What is expected:
Please copy all of the data that follows exactly, leaving any pictures out.

Record extracts:
Segment Open

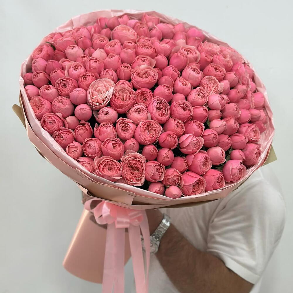 Наши преимущества * Личный менеджер, который курирует заказ от начала до вручения * Согласование фото букета перед отправкой и возможность внести изменения по вашему желанию * Дополнительные подарки — сладости, шары, помощь в организации сюрпризов * Красивая упаковка, аквабокс и поздравительная открытка — бесплатно Прекрасный свежий букет из розовых пионовидных роз в красивой упаковке с быстрой доставкой по городу в течение часа — отличный способ порадовать близкого человека, устроив сюрприз. Такой букет подойдёт * на выписку в роддом ✓ Для любимой девушки или супруги ✓ Для мамы или родных ✓ Для подруги или коллеги ✓ Для свадебных торжеств и юбилеев
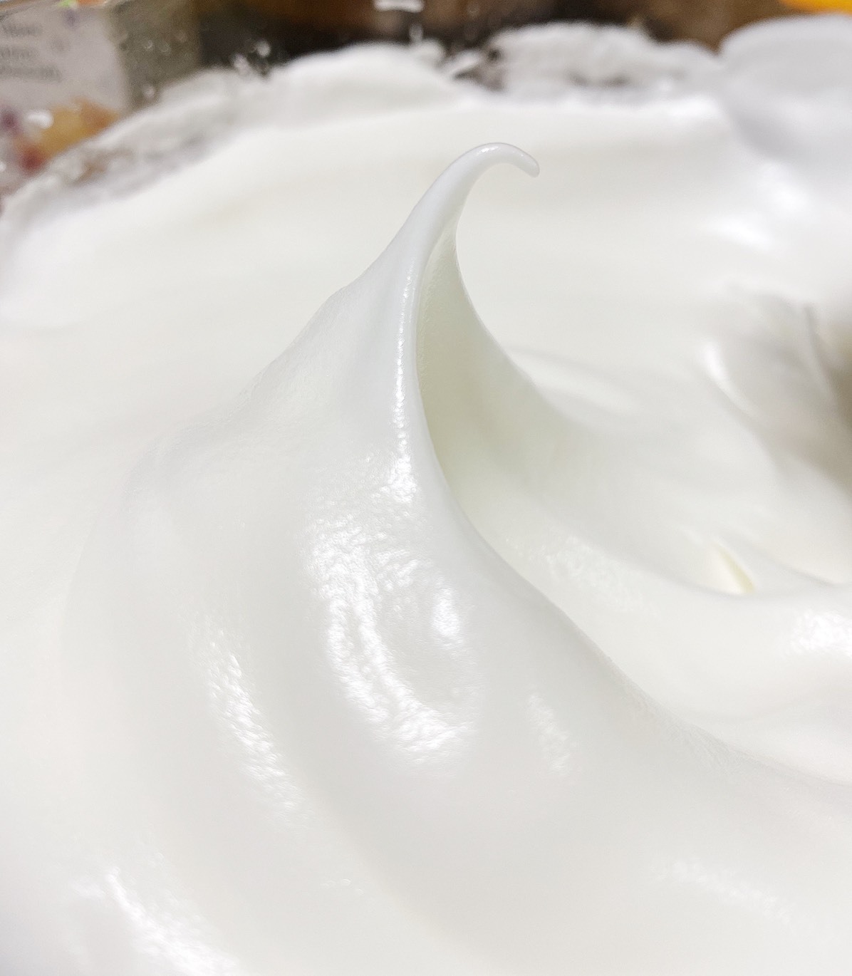 ・卵白を立てすぎてしまわないように柔らかいツノが一本立つくらいまで泡立ててください。
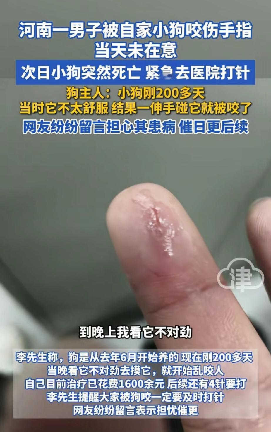 后怕!河南李先生养了条狗,晚上七点回家后,发现狗状态不佳。他上前抚摸,不料被狗狠狠咬了一口。起初,他并未在意,然而第二天下午4点,狗却突然死去。李先生顿觉情况不妙,赶忙前往医院打针。网友惊呼:狂犬病! 李先生家中养了只小狗,平日与家人相处融洽,温顺又黏人,没人把它视作“危险分子”。 那天他回家,见小狗状态异常,伸手去摸,不知为何,狗突然一口咬在他手指上。伤口不算太深,只是破了点皮、流了点血。 李先生心想,这是自家养的狗,又非野狗,肯定没事。他随手擦去血迹,连肥皂水冲洗都没做,更没想过去打狂犬疫苗。他觉得这是小题大做,不过被咬一下,过两天就会好。 谁能料到,转天下午4点,狗突然没了呼吸,不明不白地暴毙。李先生瞬间头皮发麻,一想到狂犬病的可怕,他坐不住了,立刻飞奔到医院。 医生为他紧急处理伤口,给他打了狂犬疫苗、血清和免疫球蛋白,这一趟就花了1600多元。而且,接下来他还需按时打完剩下的4针疫苗。这次疏忽,让他付出了不小的金钱和精力代价。 有网友说:“我家狗也咬过我,当时没处理,现在想想真后怕!” 别抱有“侥幸心理”!谁都觉得“倒霉事不会轮到自己”,可意外从不提前打招呼。 自家狗又怎样?就算打了疫苗,也无法百分百保证安全,何况被咬伤后连基本处理都不做,这不是拿自己生命开玩笑吗? 狂犬病死亡率几乎达100%,一旦发病根本来不及救治。别觉得“咬一下没事”,有时候就这一下,就能毁掉一个家庭。 那些说“小题大做”的人,真该醒醒了,生命面前无小事! 千万别以为“我家狗打过疫苗”“伤口小没关系”。狗牙很尖,易造成深而窄的伤口,细菌和病毒会直接注入深处,简单冲洗根本没用。 此前就有新闻,有人被鱼鳍扎了一下没在意,最后竟截指。 对待宠物咬伤,没有“万一”,只有“一万”。只要破皮出血,就必须立即就医,由专业医生判断如何处理。 正确处理步骤:立即用肥皂水和流动清水交替清洗伤口至少15分钟;尽快前往正规医院或疾控中心,根据医生建议接种狂犬疫苗和/或免疫球蛋白。 牢记“十日观察法”:这是为保护自己,而非先观察再决定。必须“先打针,再观察”,顺序绝不能错。 养宠物是一种陪伴,但安全意识是底线。别让一时疏忽,酿成无法挽回的悲剧。请把这份提醒,转给你关心的每个人!
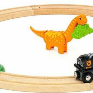 Roar! There’s a dinosaur on the track in the 36098 Dinosaur Circle Set. This 12-piece dinosaur-themed train set includes a train with wagon, dinosaur figure, grassy meadow crossing and wooden tracks to complete the circle layout. Be careful as the train approaches the crossing as this colorful dinosaur loves to eat the leaves from the tree. Use its tail to raise and lower the dinosaurs head, then grab accessories with the classic BRIO magnet.
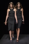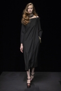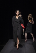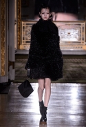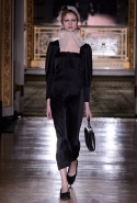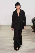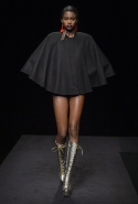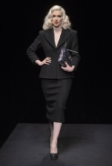Времена, когда Шарлотт Деллал занималась исключительно аксессуарами, прошли. Но одежда по-прежнему кажется только фоном для сумок и обуви, причем фоном намеренно нейтральным и почти незаметным — черным в темном зале. Обычно так все-таки не бывает: команда Charlotte Olympia показывала и pin-up girls, и морячек, — и всех их, ярких и полосатых, вряд ли можно было назвать неприметными. А теперь дизайнеры марки за героинь нуаров и вообще девушек 40-х. Все это можно разглядеть в черных платьях, костюмах и вуалях, сделанных для показа Пьером Аткинсом. А вот в самой интересной части, то есть в части аксессуаров, на первый план выходят научно-фантастические ретрофильмы, их постеры и обложки комиксов.
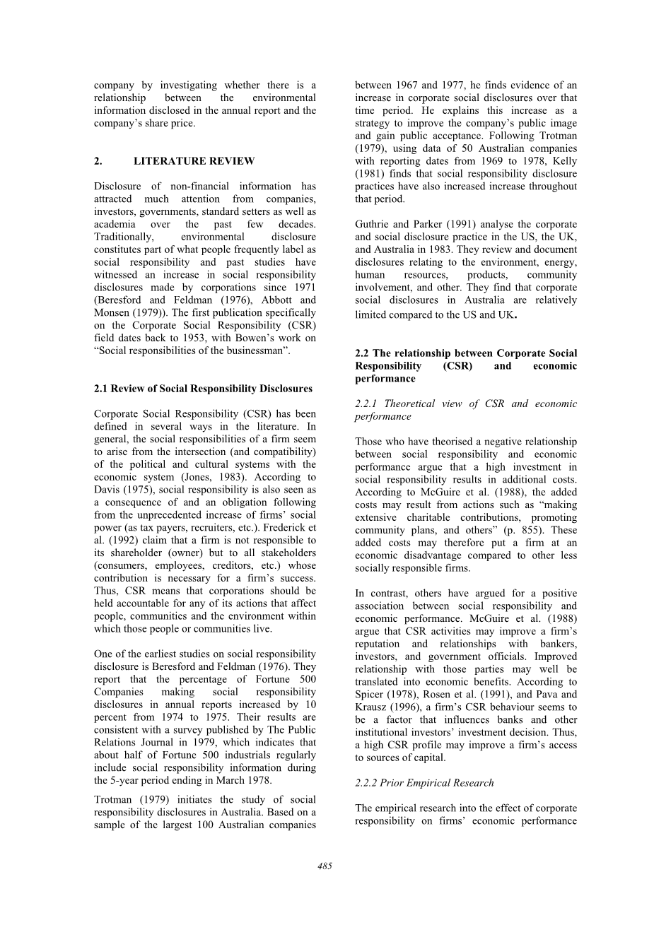企业责任对企业经济绩效影响的实证研究产生了不同的结果。 Belkaoui(1976)调查了污染控制披露的信息内容。他的结果表明经济绩效与社会责任之间存在正相关关系。其他研究产生的结果与企业责任活动对金融市场的影响一致(Anderson和Frankle1980Shane和Spicer1983)。
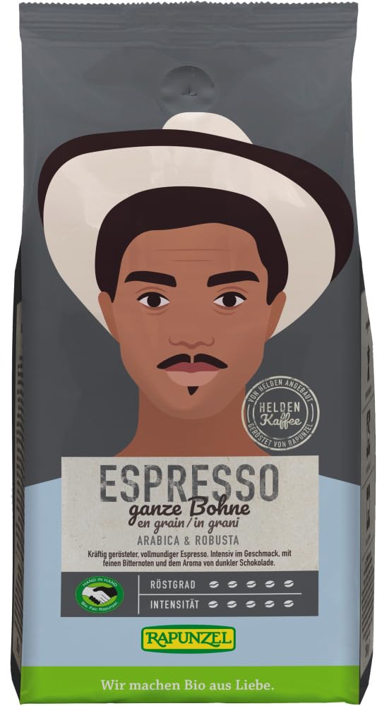 Taste: Storage and Use: Please store in a cool, dry place. Production: Hero coffee from Honduras, Peru, and Tanzania - Fairtrade by Rapunzel Hand-Partnern. Arabica Robusta. Full-bodied, strong roast espresso. Intense flavor with subtle bitter notes and the aroma of dark chocolate. Our hero coffee is called that because it comes from real heroes. Coffee growers ensure thriving biodiversity in the growing areas. Growing coffee in mixed cropping systems and under shade trees not only ensures stable, species-rich ecosystems but also the exceptional quality of the beans. Thanks to intensive care of the coffee houses, meticulous handcrafting, and special selection of coffee beans, enjoy the finest coffee, organic and 100 Fairtrade – grown by true coffee heroes. EU Organic Certifications Label INGREDIENTS Coffee Beans: Arabica, Robusta

Segment Closed

Exercise response:
 Наши преимущества * Личный менеджер, который курирует заказ от начала до вручения * Согласование фото букета перед отправкой и возможность внести изменения по вашему желанию * Дополнительные подарки — сладости, шары, помощь в организации сюрпризов * Красивая упаковка, аквабокс и поздравительная открытка — бесплатно Прекрасный свежий букет из розовых пионовидных роз в красивой упаковке с быстрой доставкой по городу в течение часа — отличный способ порадовать близкого человека, устроив сюрприз. Такой букет подойдёт * на выписку в роддом ✓ Для любимой девушки или супруги ✓ Для мамы или родных ✓ Для подруги или коллеги ✓ Для свадебных торжеств и юбилеев
 ・卵白を立てすぎてしまわないように柔らかいツノが一本立つくらいまで泡立ててください。
 后怕!河南李先生养了条狗,晚上七点回家后,发现狗状态不佳。他上前抚摸,不料被狗狠狠咬了一口。起初,他并未在意,然而第二天下午4点,狗却突然死去。李先生顿觉情况不妙,赶忙前往医院打针。网友惊呼:狂犬病! 李先生家中养了只小狗,平日与家人相处融洽,温顺又黏人,没人把它视作“危险分子”。 那天他回家,见小狗状态异常,伸手去摸,不知为何,狗突然一口咬在他手指上。伤口不算太深,只是破了点皮、流了点血。 李先生心想,这是自家养的狗,又非野狗,肯定没事。他随手擦去血迹,连肥皂水冲洗都没做,更没想过去打狂犬疫苗。他觉得这是小题大做,不过被咬一下,过两天就会好。 谁能料到,转天下午4点,狗突然没了呼吸,不明不白地暴毙。李先生瞬间头皮发麻,一想到狂犬病的可怕,他坐不住了,立刻飞奔到医院。 医生为他紧急处理伤口,给他打了狂犬疫苗、血清和免疫球蛋白,这一趟就花了1600多元。而且,接下来他还需按时打完剩下的4针疫苗。这次疏忽,让他付出了不小的金钱和精力代价。 有网友说:“我家狗也咬过我,当时没处理,现在想想真后怕!” 别抱有“侥幸心理”!谁都觉得“倒霉事不会轮到自己”,可意外从不提前打招呼。 自家狗又怎样?就算打了疫苗,也无法百分百保证安全,何况被咬伤后连基本处理都不做,这不是拿自己生命开玩笑吗? 狂犬病死亡率几乎达100%,一旦发病根本来不及救治。别觉得“咬一下没事”,有时候就这一下,就能毁掉一个家庭。 那些说“小题大做”的人,真该醒醒了,生命面前无小事! 千万别以为“我家狗打过疫苗”“伤口小没关系”。狗牙很尖,易造成深而窄的伤口,细菌和病毒会直接注入深处,简单冲洗根本没用。 此前就有新闻,有人被鱼鳍扎了一下没在意,最后竟截指。 对待宠物咬伤,没有“万一”,只有“一万”。只要破皮出血,就必须立即就医,由专业医生判断如何处理。 正确处理步骤:立即用肥皂水和流动清水交替清洗伤口至少15分钟;尽快前往正规医院或疾控中心,根据医生建议接种狂犬疫苗和/或免疫球蛋白。 牢记“十日观察法”:这是为保护自己,而非先观察再决定。必须“先打针,再观察”,顺序绝不能错。 养宠物是一种陪伴,但安全意识是底线。别让一时疏忽,酿成无法挽回的悲剧。请把这份提醒,转给你关心的每个人!
 Roar! There’s a dinosaur on the track in the 36098 Dinosaur Circle Set. This 12-piece dinosaur-themed train set includes a train with wagon, dinosaur figure, grassy meadow crossing and wooden tracks to complete the circle layout. Be careful as the train approaches the crossing as this colorful dinosaur loves to eat the leaves from the tree. Use its tail to raise and lower the dinosaurs head, then grab accessories with the classic BRIO magnet.
Времена, когда Шарлотт Деллал занималась исключительно аксессуарами, прошли. Но одежда по-прежнему кажется только фоном для сумок и обуви, причем фоном намеренно нейтральным и почти незаметным — черным в темном зале. Обычно так все-таки не бывает: команда Charlotte Olympia показывала и pin-up girls, и морячек, — и всех их, ярких и полосатых, вряд ли можно было назвать неприметными. А теперь дизайнеры марки за героинь нуаров и вообще девушек 40-х. Все это можно разглядеть в черных платьях, костюмах и вуалях, сделанных для показа Пьером Аткинсом. А вот в самой интересной части, то есть в части аксессуаров, на первый план выходят научно-фантастические ретрофильмы, их постеры и обложки комиксов.
企业责任对企业经济绩效影响的实证研究产生了不同的结果。 Belkaoui(1976)调查了污染控制披露的信息内容。他的结果表明经济绩效与社会责任之间存在正相关关系。其他研究产生的结果与企业责任活动对金融市场的影响一致(Anderson和Frankle1980Shane和Spicer1983)。
 Taste: Storage and Use: Please store in a cool, dry place. Production: Hero coffee from Honduras, Peru, and Tanzania - Fairtrade by Rapunzel Hand-Partnern. Arabica Robusta. Full-bodied, strong roast espresso. Intense flavor with subtle bitter notes and the aroma of dark chocolate. Our hero coffee is called that because it comes from real heroes. Coffee growers ensure thriving biodiversity in the growing areas. Growing coffee in mixed cropping systems and under shade trees not only ensures stable, species-rich ecosystems but also the exceptional quality of the beans. Thanks to intensive care of the coffee houses, meticulous handcrafting, and special selection of coffee beans, enjoy the finest coffee, organic and 100 Fairtrade – grown by true coffee heroes. EU Organic Certifications Label INGREDIENTS Coffee Beans: Arabica, Robusta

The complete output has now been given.